バスケ少女 林坂舞

私はとても嬉しかった。

ずっと目標にしていたことが、この日、2つ叶ったのだから。


春休み明けの日。

私はわくわくしながら校門をくぐった。

クラス発表があるからか、他のみんなもどこか浮ついている気がする。

「おっはよー、舞ッ!相変わらず大きいからすぐ見つけられたよー」

リュックを叩かれた方向を向くと、野原栞が満面の笑みで笑っていた。

「おはよー、栞。あなたも相変わらず元気がいいからすぐ分かったよ」

「明るさだけが取り柄ですから!」

出席番号が前後だったこともあり、1番最初に仲良くなった友達だった。

「同じクラスになれるかな?」

「今年も同じクラスになりたいね」

「ね!違うクラスだったら私、先生に文句言いに行く」

それはそれで見てみたい。

栞と話しながら、クラス発表の紙が貼られている掲示板の前まで来た。

林坂舞はやしざかまい野原栞のはらしおりの文字が並んでいたのをすぐに見つけたけど、栞はまだ探していた。

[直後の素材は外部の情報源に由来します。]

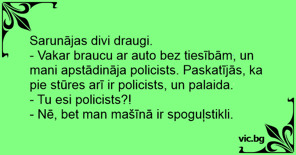 - Vakar braucu ar auto bez tiesībām, un mani apstādināja policists. Paskatījās, ka pie stūres arī ir policists, un palaida.

「んーとねー、あ、あった!!しかもまた出席番号前後だ!」

「えー、文句言ってる栞見たかったんだけどなぁ」

「ひどっ!」

「嘘だよ嘘。私も嬉しいよ。またよろしくね」

「うん!よろしく!」

私はそんな冗談を交えながら栞と同じクラスだったことを喜びあった。

クラスが分かった今も、私のわくわくは止まらなかった。

そう、なぜなら今日は、憧れの先輩達と一緒に表彰されるのだ。


中学生の頃、私は県大会上位常連校のレギュラーだった。

その頃、ちょうど成長期と重なっていて身長がぐんぐんと伸びていた時期でもあった。

バスケというのは、身長で決まるスポーツだと思う。

身長が伸びるに連れて、シュートが決まりやすくなったり、ディフェンスで抜かれることが少なくなったりと、毎日が成長を感じた。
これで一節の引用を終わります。